Behavioural biases and the approach of EVIDENT
Behavioural biases have a significant impact on people’s decision-making process. This is mostly due to consumers’ inclination to rely on shortcuts due to time restrictions and cognitive ability to digest a huge amount of information. Numerous studies suggest that biases such as base rate fallacy, present bias, anchoring bias, and others have a considerable and predictive influence on financial markets and everyday economic decisions. Especially in the energy sector, these biases may influence the decision to invest or not in more energy-efficient appliances. Because of the high upfront costs of these investments and the long-term savings for consumers, temporal individual preferences and biases influence the desire to invest in energy efficiency improvements, ultimately leading to underinvestment or less-than-optimal choices.
The EVIDENT project aims to consolidate all factors that influence consumers’ behaviour for a better understanding of the energy efficiency gap and for proposing specific policy actions. In this direction, EVIDENT will carry out a quasi-experiment related to the average pricing bias in order to evaluate how literacy levels and biases are related. For example, marginal pricing can be imposed in specific situations, such as when consumers switch between peak and off-peak consumption periods towards protecting the electricity grid against disruptions. Consequently, several marginal prices for the same service are created, thereby complicating the decision-making process. Despite its importance, this topic has not attracted much research attention, as the consumers’ willingness-to-pay is the focus of most surveys.
Design of Quasi-Experiment
The planned quasi-experiment will be carried out via the EVIDENT platform and will include questions designed to elicit customers’ biases as well as their financial and environmental literacy levels.
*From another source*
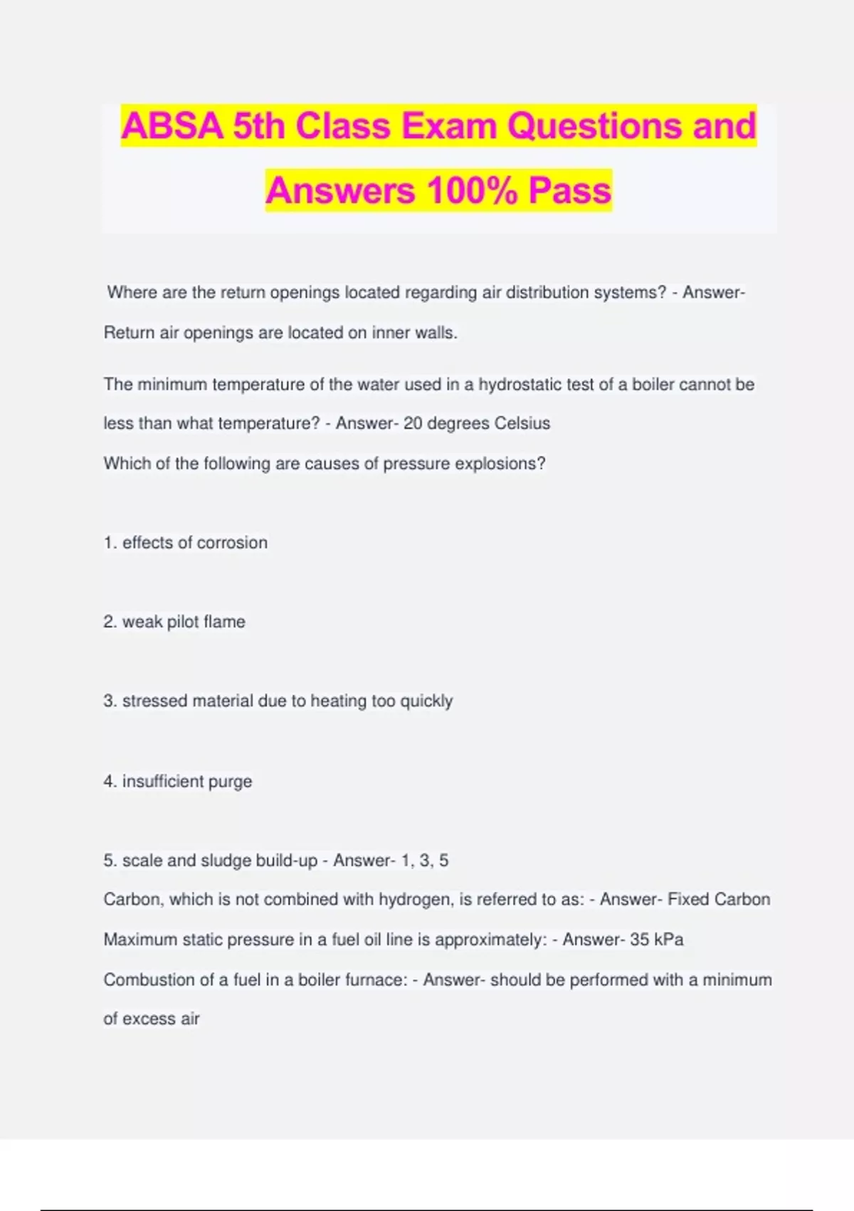 ABSA 5th Class Exam Questions and Answers 100% Pass Where are the return openings located regarding air distribution systems? - Answer- Return air openings are located on inner walls. The minimum temperature of the water used in a hydrostatic test of a boiler cannot be less than what temperature? - Answer- 20 degrees Celsius Which of the following are causes of pressure explosions? 1. effects of corrosion 2. weak pilot flame 3. stressed material due to heating too quickly 4. insufficient purge 5. scale and sludge build-up - Answer- 1, 3, 5 Carbon, which is not combined with hydrogen, is referred to as: - Answer- Fixed Carbon Maximum static pressure in a fuel oil line is approximately: - Answer- 35 kPa Combustion of a fuel in a boiler furnace: - Answer- should be performed with a minimum of excess air What is a hydrostatic test? - Answer- A way in which pressure vessels can be tested for strength and leaks. How often do burner and fan motors which uses standard bearing normally require lubrication? - Answer- Yearly On a hot water boiler, the pressure differential between the operating pressure and the safety relief valve set pressure must be (at a minimum): 1. 25% of operating pressure 2. 125% of operating pressure 3. 69 kPa 4. 25% of the safety relief valve set pressure - Answer- 3, 4 In hot water boiler operation the maximum operating temperature should never exceed: - Answer- 121 degrees celsius A substance, which will absorb humidity inside a boiler during dry lay up is: - Answer- Activated alumina When draft is produced by natural means: - Answer- cooler air surrounding the boiler increases draft Coal is composed of the following combustible components: - Answer- Carbon, hydrogen, Sulphur Which of the following are causes of furnace explosions? 1. main fuel valve closed when the burner flame is lost 2. insufficient purge 3. burners lit from hot refractory 4. effects of corrosion 5. admission of fuel before ignition source - Answer- 3,4,5 Which grade of oil is the most popular for domestic and small commercial boilers? - Answer- Grade 2 The inclined manometer as compared to the U manometer is what? - Answer- More accurate. How can the draft through a natural draft furnace be increased? - Answer- Increase the temperature of the stack The main function of a gas burner is: - Answer- provision of O2 - fuel contact The minimum distance from furnace to oil storage tank is: - Answer- 2 feet One of the main component of an electric ignition system is the step-up transformer which takes 120 V and boosts it to _____ volts - Answer- 10,000 - 12,000 volts. Combustion of a fuel in a boiler furnace should be performed in what conditions? - Answer- There should be a minimum of excess air. What type of oil burner is used when oil is supplied under high pressure? - Answer- Mechanical Atomizing Burner An air atomizing compressor is usually what type? - Answer- A rotary type. Which of the following advantages does oil have over coal as a boiler fuel? 1. requires less storage space 2. costs less to handle 3. fuel quantity is easier to control 4. burns more cleanly - Answer- All of the above In a boiler burner with 3 fixed capacity nozzles,the intermediate and high burner nozzles have higher capacities than the primary burner nozzle for what reason? - Answer- To allow better boiler warm-ups What is a manometer used for? - Answer- Measure draft A draft gauge on a furnace indicates the draft in: - Answer- mm of water column A solenoid type fuel gas valve is held close by what? - Answer- Fuel pressure Regarding a burner with 3 fixed capacity nozzles,the secondary and tertiary nozzles are ignited by: - Answer- Primary burner Ethane is a component of natural gas and constitutes a percent volume of: - Answer- 10-20% An interrupted pilot does what? - Answer- Lights, completes a trial, and extinguishes after the main flame is established. A very popular packaged boiler gas burner is the: - Answer- Ring burner An intermittent pilot does what? - Answer- Lights the main flame and remains on with it. Before atomization can occur, heavy oils are heated to approximately _____ degrees C. - Answer- 95 A fuel storage tank must be located a minimum of ____ away from the furnace - Answer- 2 feet A refractory burner disadvantage is: - Answer- High initial cost Maximum static pressure in a fuel oil line is approximately what? - Answer- 35 KPA When a gas fired burner is burning fuel properly a) it will have a blue flame with short yellow tips b) the furnace will pulsate c) there will be no turbulence d) it will have a long bright yellow flame e) the induced draft fan can be shut off - Answer- A In a forced draft system, the furnace pressure is: -

Finally, the participant will be asked to choose between various pricing schemes that include simple and more complex non-linear energy consumption charges. The aim of the quasi-experiment is to obtain some proxy estimates about the drivers of the observed heterogeneity in customers’ price misperceptions and leverage the findings for specific policy recommendations. The experiment is designed in a way to elicit consumers’ perceptions about different pricing schemes and to relate findings with potential behavioural biases and the participants’ financial and environmental literacy levels. The implementation of the experiment is expected to take place through the EVIDENT’s platform and it is designed as follows:
- 1st step: Participants answer a small set of questions for collecting demographic data.
- 2nd step: Participants answer a small set of questions related to biases.
- 3rd step: Participants answer a small set of questions related to financial literacy.
- 4th step: Participants answer a small set of questions related to environmental literacy.
- 5th step: Participants answer a small set of questions related to price perceptions.
Key cognitive biases in decision making
Cognitive biases are systemic flaws in the cognitive process that arise as people process and interpret information from their surroundings, influencing their decisions and judgments. Thus, cognitive biases are crucial elements in decision-making and, when combined with low levels of financial literacy, can lead to irrationality during the financial decision-making process. In this respect, seven key cognitive biases in the decision-making process have been identified, as shown in the Figure.
Overconfidence is effectively described as the tendency to overestimate the likelihood of attaining a goal due to the self-righteous assumption that one’s abilities or qualities may be exploited to achieve a specific result.
Conservatism bias is a mental process in which people insist on their past views or impressions even when confronted with contrary facts. This suggests that the conservatism bias encourages individuals to overestimate historical rates while underestimating new evidence. As a result, when new knowledge arrives, people are unable to respond rationally and promptly.
Anchoring bias is the tendency of people to overestimate the likelihood of an uncertain event or to forecast or recall a specific value or result by evaluating the original value and shifting it up or down to make conclusions. Anchoring is a psychological bias that influences how people estimate and interpret probabilities.
Risk tolerance is defined as the level of risk exposure with which an individual is comfortable, or as an estimate of the level of risk an investor is willing to tolerate in his or her investment portfolio, and it is an important factor in financial planning. Furthermore, risk tolerance is linked to other cognitive biases such as overconfidence, the base rate fallacy, and conservatism.
The base-rate fallacy is associated with people’s current assumptions, which influence their judgment and perception of probabilities even when the expected results appear to be statistically inaccurate. When new information is obtained, “rational” investors update those probabilities to reflect the new information; but, when subjected to the base rate fallacy, only a little attention is given to the base rates, whereas too much attention is given to the new information.
Financial self-efficacy is linked to self-confidence, motivation, and optimism that one can overcome a variety of challenges. It also refers to a sense of personal agency and the belief that one can accomplish and succeed in a certain task. Self-efficacy, for example, may influence a person’s perceptions about their ability to influence situations, overcome obstacles, and make decisions.
The present bias refers to the tendency of people to prefer a smaller reward that is closer to the present time rather than a greater later reward. Impatience or the desire for immediate gratification in decision-making are terms that are frequently used to describe the concept of present bias more widely.